Variables which may influence physical activity and physical function in older adults were chosen from several studies [5,13,16,33]. Therefore, the following demographic and health characteristics were controlled for: country (Denmark, Spain, Northern Ireland and Germany); sex (male/female); age (years), body mass index (BMI—kg/m2); education (cannot read or write/can read and write/primary/secondary/tertiary levels); number of comorbidities (none/1–2/>2); 12-item Short Form Survey (SF-12) physical component (higher score equals better physical health); and SF-12 mental component (higher score equals better mental health) scores were included in all analyses along with daily sedentary behaviour time. In addition, accelerometer wear-time was included as a covariate in analyses involving physical activity fragmentation due to accelerometer wear-time already being accounted for within the physical activity volume variable.

2.5. Statistical Analysis

A cross-sectional analysis was undertaken using the baseline data from the SITLESS clinical trial. The assumptions for linear regression were tested and met. Hierarchical linear regression analyses were conducted to explore whether different minimum bout lengths for determining physical activity fragmentation were statistically associated with physical function measured using 2MWT distance and SPPB score. Table 1 contains information of the composition of the linear regression models. Model 1 included the physical activity variables only. Model 2 included daily sedentary behaviour time for the physical activity-related variables while also including daily accelerometer wear-time for the fragmentation variables only. Model 3 included the relevant variables from the first two models in addition to demographic and health variables: country (to adjust for clustering effect), age, gender, BMI, education levels, number of co-morbidities and SF-12 (physical and mental components). All analyses were conducted using SPSS Statistics (IBM SPSS Statistics for Windows, Version 25.0. Armonk, NY, USA). Data are presented as mean ± SD unless otherwise stated.

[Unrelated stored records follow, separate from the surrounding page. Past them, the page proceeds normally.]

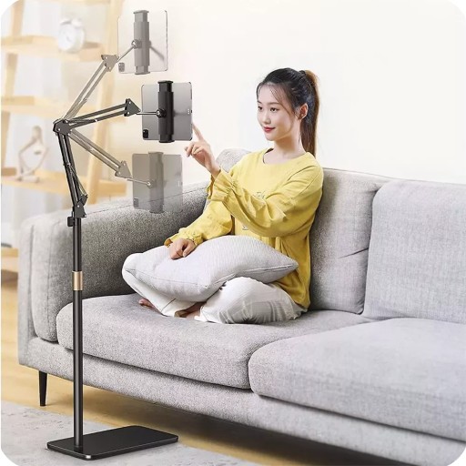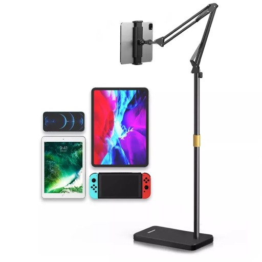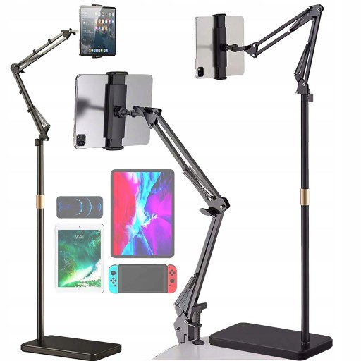 ✔️ W zestawie: podstawa na podłogę, regulowane ramię, uchwyt na tablet
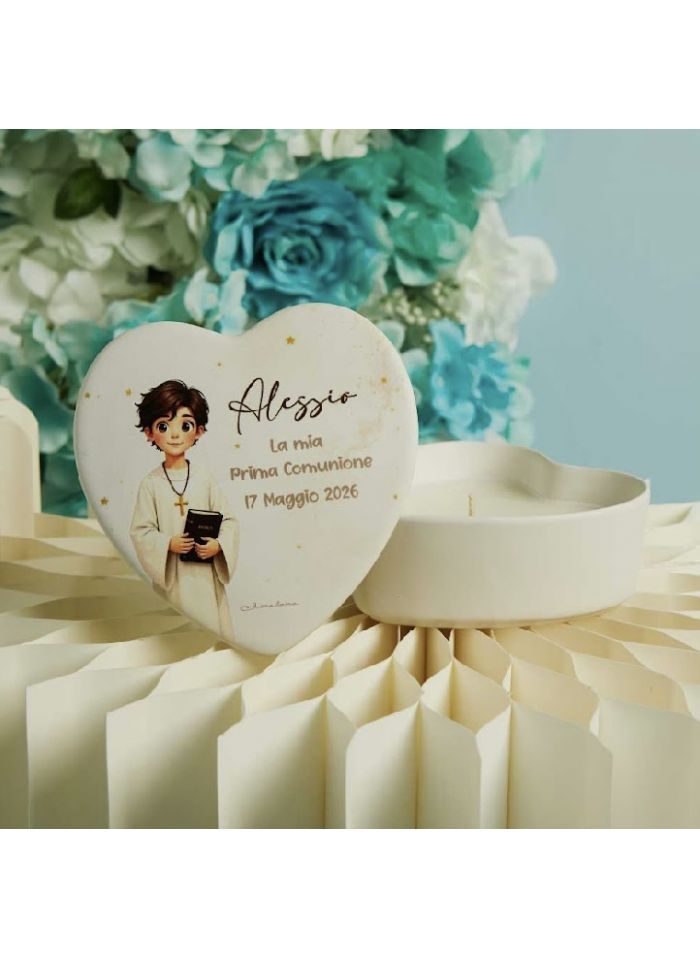 Scatolina cuore con ragazzo comunione con candela
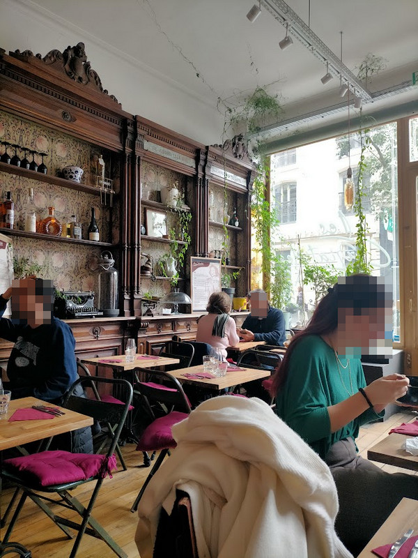 C'était un déjeuner. J'ai choisi ma table, hésitant entre plusieurs coins, près du placard ou du passage.
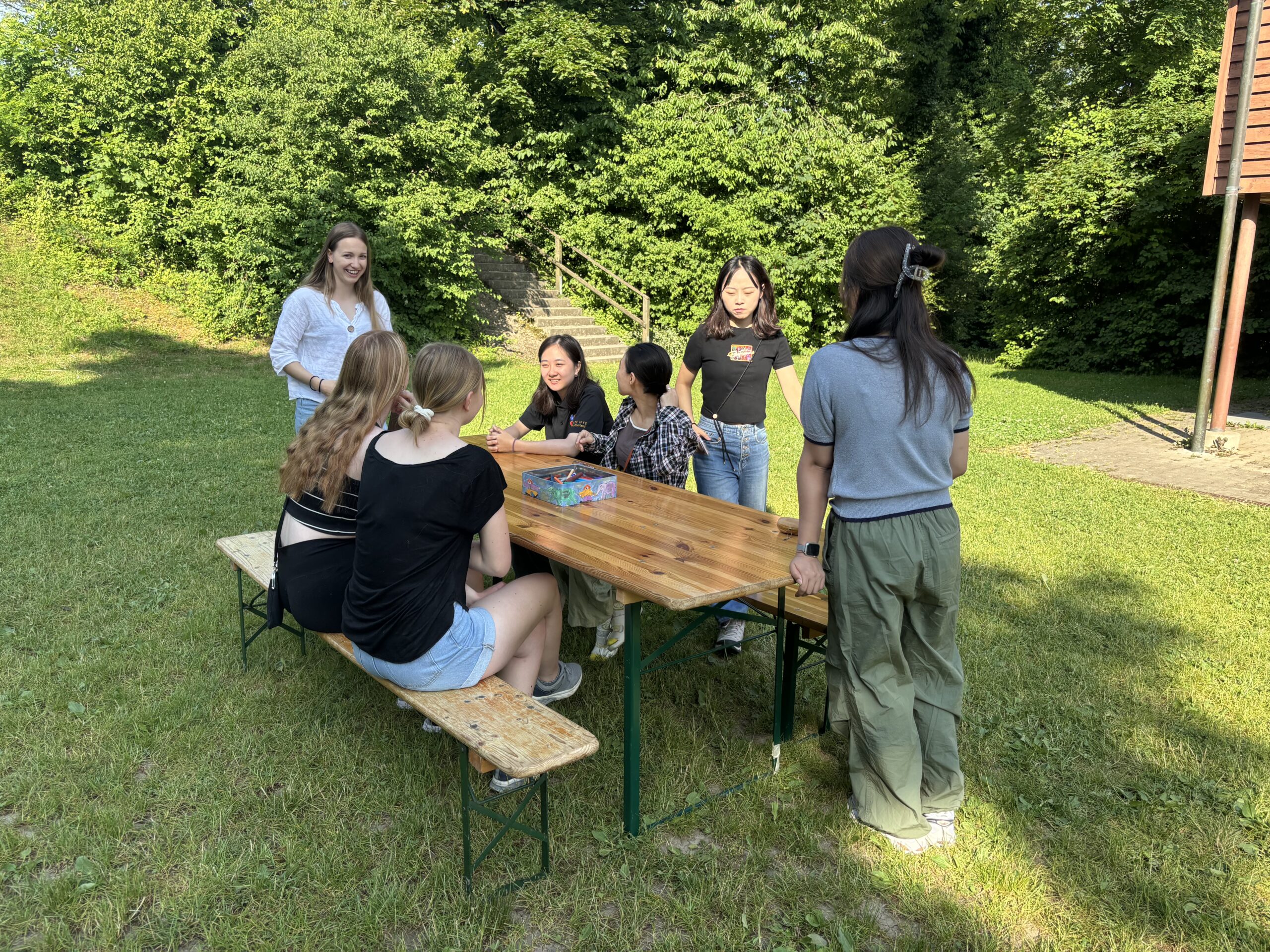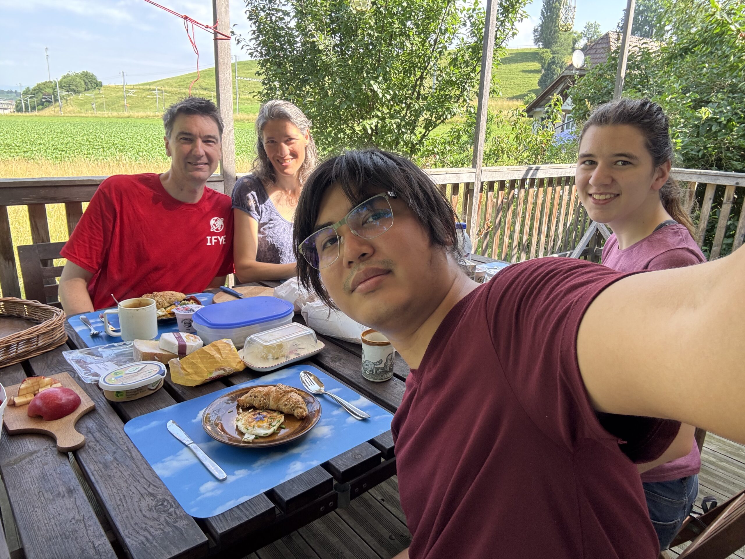 หลังจากอยู่ได้ประมาณหนึ่งสัปดาห์ผมก็ต้องเดินทางไปเข้าค่าย Incoming IFYE 2025 ที่เมือง Wallisellen โดยมีตัวแทนจากหลายประเทศทั้ง Carol / Hazel / Vivian จากไต้หวัน Kim Hyo-Jeong จากเกาหลี Emilie / Anni จากฟินแลนด์ Isabelle จากสวีเดน และ Mathew จากออสเตรเลีย โดยกิจกรรมแรกที่ได้ทำด้วยกันคือการละลายพฤติกรรมและทำความรู้จัก เดินป่าใกล้แคมป์ที่พักและนำเสนอประเทศของตัวเองให้คนอื่นได้รู้จักมากยิ่งขึ้น

Statistical significance was set at p < 0.05. Only complete cases were included.

3. Results

3.1. Descriptive Data

Table 2 highlights the descriptive statistics for the sample population. Participants were split relatively equally between the four countries, three fifths of the sample were female, mean age was over 75 years old, most participants were classified as being overweight according to BMI, over 75% had completed at least secondary education and 90.5% reported having at least one comorbidity.
The data for physical function, sedentary behaviour and physical activity are highlighted in Table 3. Individuals not being able to complete the 2MWT (n = 12), not undertaking any of the three SPPB tasks (n = 16) or not meeting the minimum valid accelerometry wear-time criteria (n = 94) were the reasons for missing data. On average, participants spent almost 80% of waking time being sedentary with daily physical activity time lasting slightly over 3 h.

3.2. Regression Analysis

On average, when using any physical activity variable, the final model accounting for covariates (Model 3) explained 53.0% of the variance in 2MWT distances and 39.4% of the variance in SPPB scores (see Supplementary Materials). Lower ASTP using ≥10-s physical activity bouts, along with higher total physical activity volume were statistically significantly associated (p < 0.05) with longer 2MWT distances (β = −0.60, t (1195) = −4.27, p = 0.007) and higher SPPB scores (β = −0.04, t (1191) = −3.88, p < 0.001) (Table 4). Lower ASTP using ≥120-s and ≥300-s physical activity bouts were statistically significantly associated (p > 0.05) with longer 2MWT distances (β = −0.16, t (1194) = −2.65, p = 0.008 and β = −0.11, t (1140) = −2.21, p = 0.028, respectively) but not SPPB scores (Table 4). No statistically significant associations (p > 0.05) were found for ASTP using ≥60-s bouts with 2MWT distance (p = 0.159) and SPPB score (p = 0.704).
Additional information regarding the covariates associated with physical function is provided within the Supplementary Materials. The following characteristics were found to be associated with better 2MWT performance and SPPB scores: being male; younger age; having lower BMI; being more educated; having higher self-rated physical function; and having higher self-rated mental function. Living with a lower number of comorbidities was only found to be significantly associated with better 2MWT performance and not SPPB scores.

4. Discussion

This study investigated associations between physical activity fragmentation, calculated using different minimum bout lengths, with physical function in community-dwelling older adults. Our study has helped to address a recognised limitation in previous research in that the minimum bout length has generally only been defined using a ≥60-s bout duration. It has been suggested that other durations could yield different results [20]. We tested four different minimum bout lengths to calculate ASTP values. Importantly, the association with physical function appeared to be altered depending on how the ASTP value was calculated, alongside the physical function test chosen. Lower ASTP calculated using ≥10-s minimum bouts was associated with better performance in both physical function tests while lower ASTP calculated using ≥120-s and ≥300-s minimum bouts was also associated with better 2MWT performance but not SPPB scores. Total physical activity volume was found to be associated with both physical function tests. These findings add to previous reflections from Chastin and colleagues (2015) who highlighted that while volume metrics, such as total time and numbers of bouts, provide straightforward directions of behaviour change and how this may have occurred, these metrics might be less sensitive to change compared to hybrid metrics such as fragmentation index [34].
The only ASTP value which was associated with both physical function tests was ASTP calculated using ≥10-s physical activity bouts. However, further exploration using Pearson’s correlation coefficient revealed that ASTP using ≥10-s physical activity bouts was significantly associated (p < 0.001) with total physical activity volume (r = −0.68). Therefore, this suggests that this specific minimum bout length is likely to be too reflective of total physical activity volume to provide any further usefulness.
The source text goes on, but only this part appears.